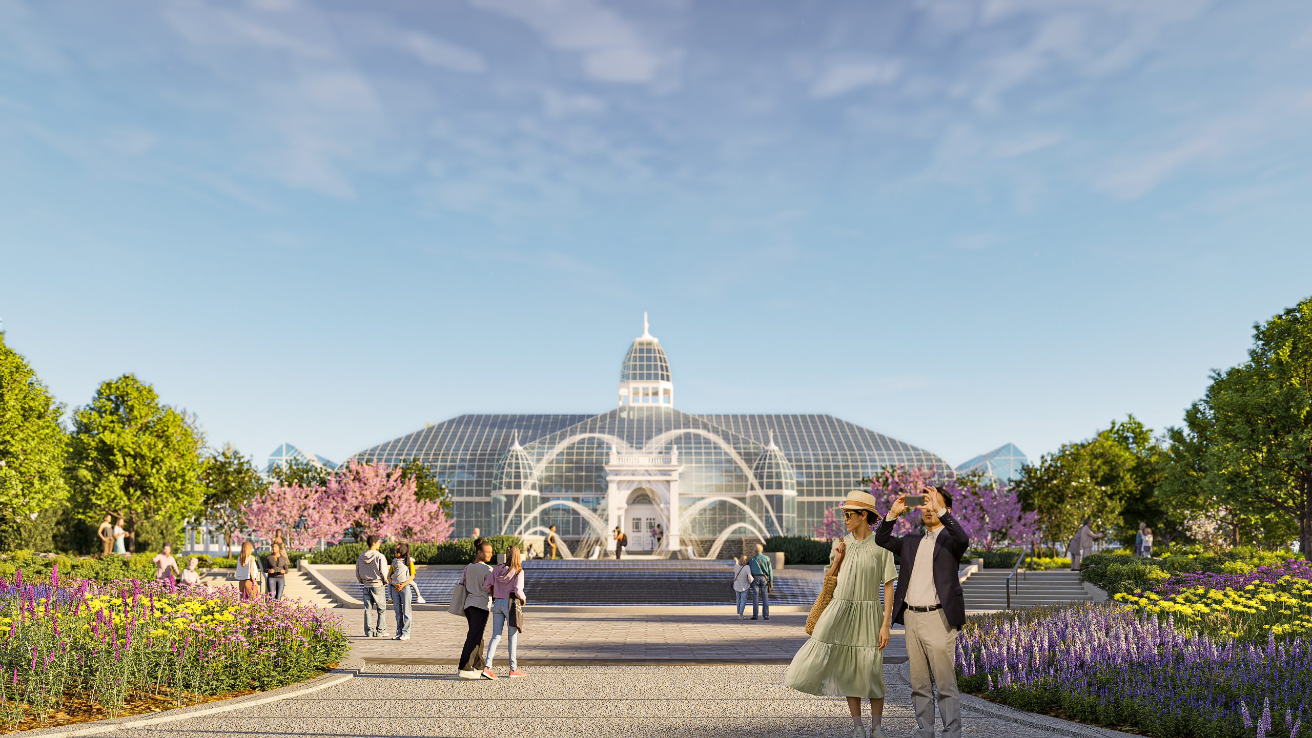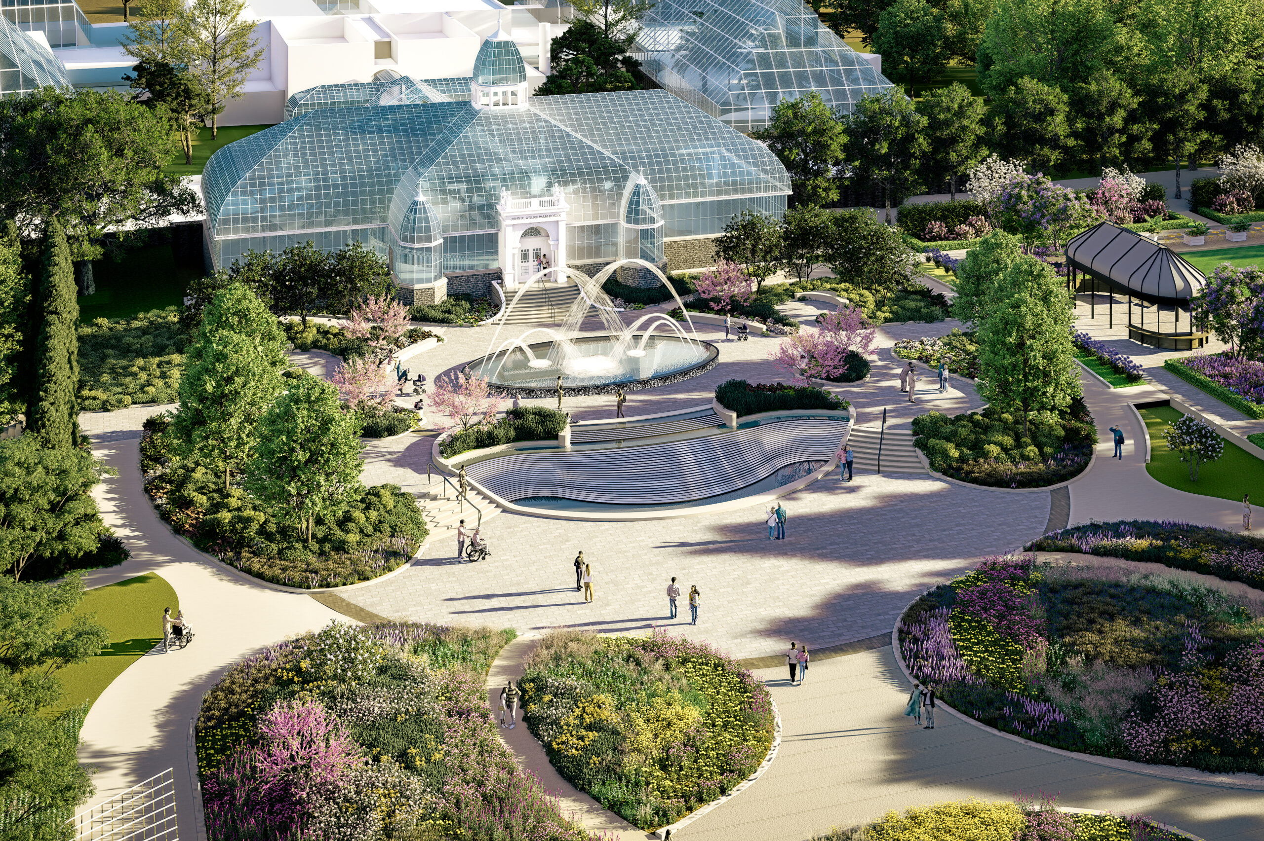 The entrance to the Conservatory’s visitor experience will move from its current location on the east of the park to a central location to the west of the John F. Wolfe Palm House.
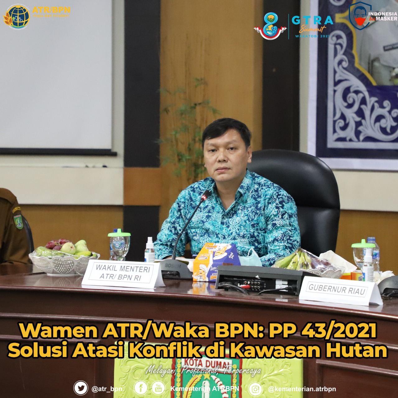 Dumai – Wakil Menteri Agraria dan Tata Ruang/Wakil Kepala Badan Pertanahan Nasional (Wamen ATR/Waka BPN), Surya Tjandra mengunjungi dan aktif berdiskusi dengan pemimpin daerah terdampak, salah satunya dengan Wali Kota Dumai, Selasa (22/06/2021).
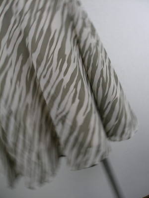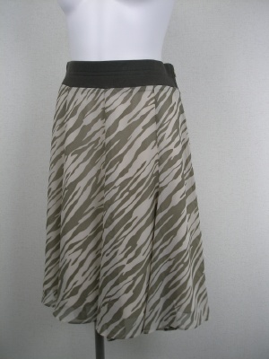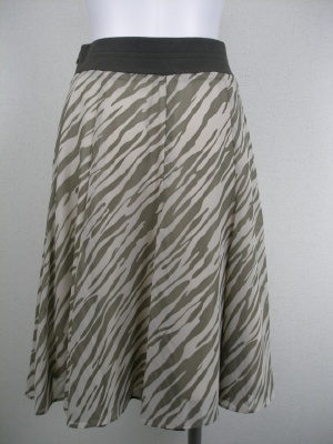 8枚はぎになって裾にボリュームを出したフェミニンなスカート ウエストに幅広ゴムを使用、脇ファスナーあり 裏付き・・丈58cm
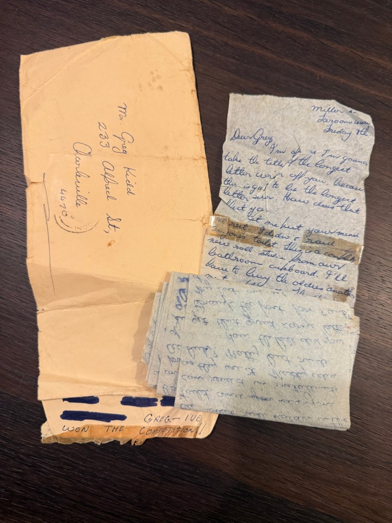 Now I enjoyed attending to correspondence with my parents and the few other regulars who included Hilary and Merryl Phipps, the Taroom cousins.
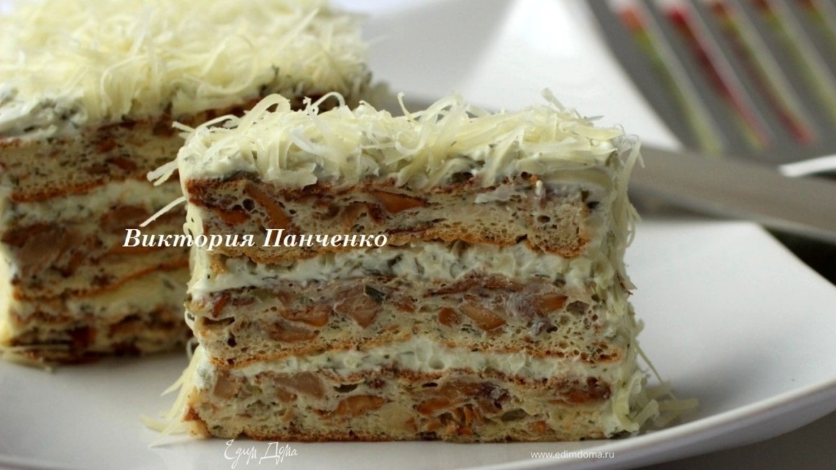 Закусочный бисквитный торт с лисичками, творожным кремом и сыром Джюгас
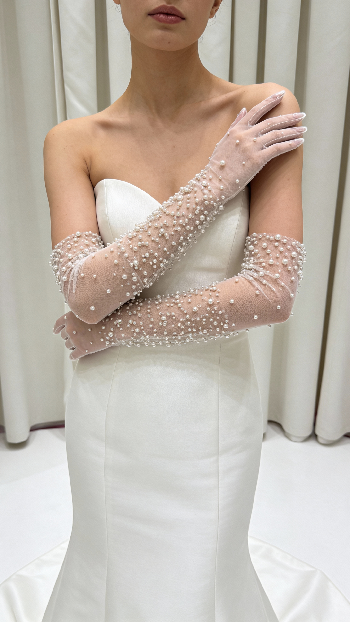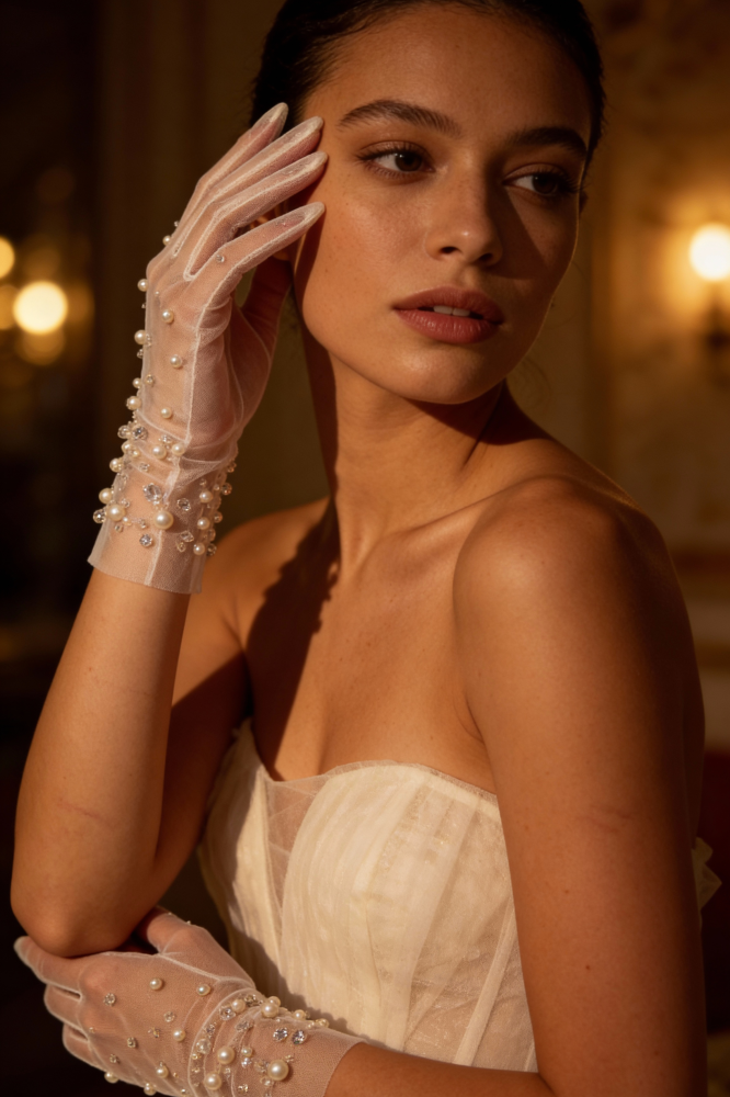 Невесомые перчатки из тонкой сетки, расшитые жемчугом, создают эффект мягкого сияния на коже. Декор распределён деликатно, подчёркивая линию рук и добавляя образу утончённый акцент без перегруженности.
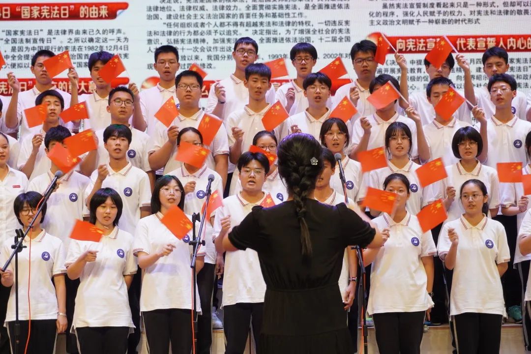 舟山市白泉高级中学利用音乐课组织全校学生学唱《宪法伴我成长》歌,并通过全校大合唱比赛展现学习成果。同学们用年轻的歌声,播种梦想,展现自立自强、奋进向上的风采。
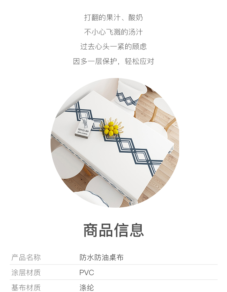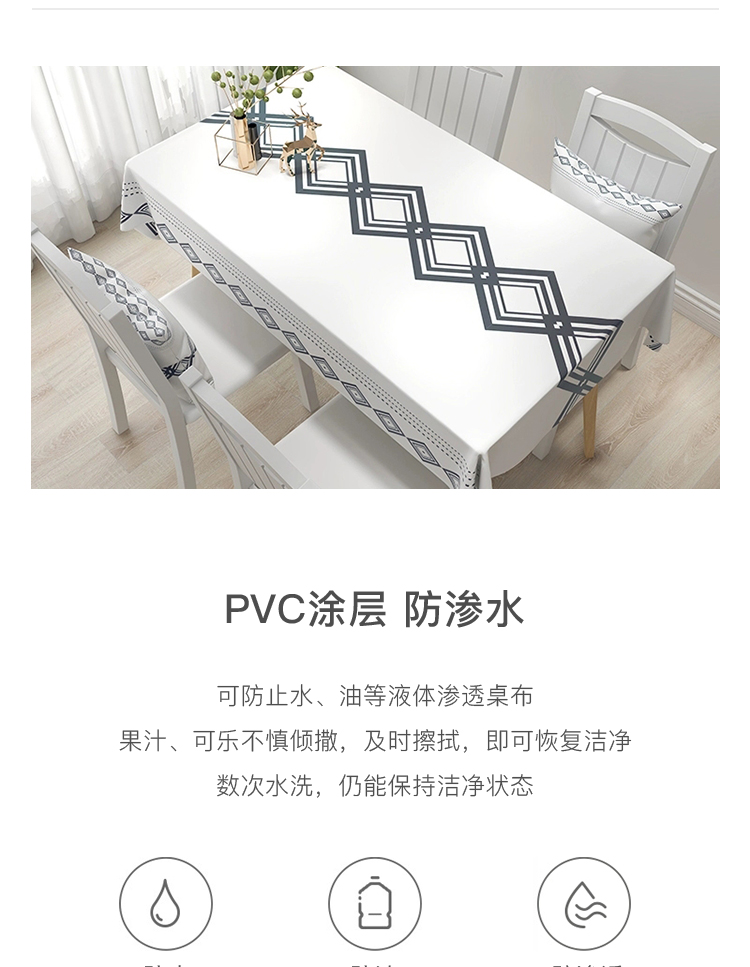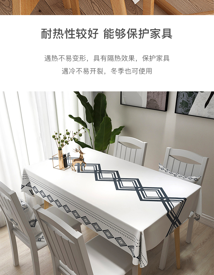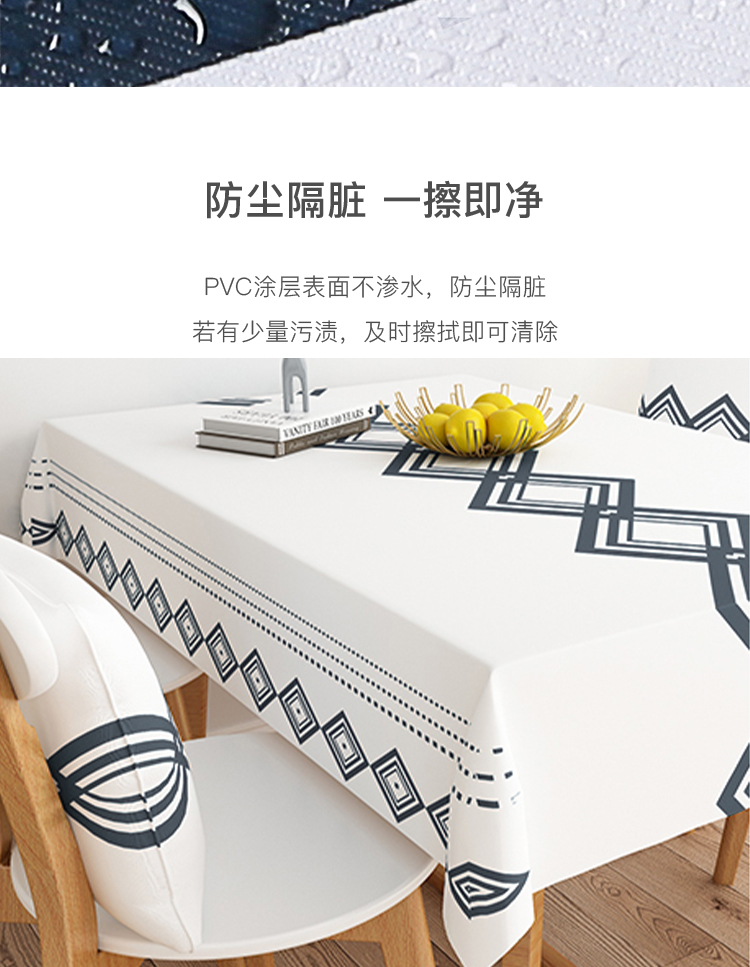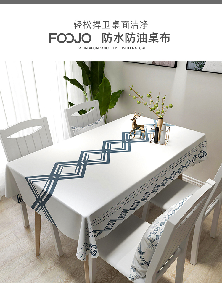 - 商品名称:FOOJO 桌布家居 耐高温防水防油PVC免洗台布餐桌布艺137*180cm 现代简约餐桌台布 几何桌旗
-*-*-
*Your task*
Reproduce each line of the records above, exactly and without pictures.

*The answer*
 The entrance to the Conservatory’s visitor experience will move from its current location on the east of the park to a central location to the west of the John F. Wolfe Palm House.
 Dumai – Wakil Menteri Agraria dan Tata Ruang/Wakil Kepala Badan Pertanahan Nasional (Wamen ATR/Waka BPN), Surya Tjandra mengunjungi dan aktif berdiskusi dengan pemimpin daerah terdampak, salah satunya dengan Wali Kota Dumai, Selasa (22/06/2021).
 8枚はぎになって裾にボリュームを出したフェミニンなスカート ウエストに幅広ゴムを使用、脇ファスナーあり 裏付き・・丈58cm
 Now I enjoyed attending to correspondence with my parents and the few other regulars who included Hilary and Merryl Phipps, the Taroom cousins.
 Закусочный бисквитный торт с лисичками, творожным кремом и сыром Джюгас
 Невесомые перчатки из тонкой сетки, расшитые жемчугом, создают эффект мягкого сияния на коже. Декор распределён деликатно, подчёркивая линию рук и добавляя образу утончённый акцент без перегруженности.
 舟山市白泉高级中学利用音乐课组织全校学生学唱《宪法伴我成长》歌,并通过全校大合唱比赛展现学习成果。同学们用年轻的歌声,播种梦想,展现自立自强、奋进向上的风采。
 - 商品名称:FOOJO 桌布家居 耐高温防水防油PVC免洗台布餐桌布艺137*180cm 现代简约餐桌台布 几何桌旗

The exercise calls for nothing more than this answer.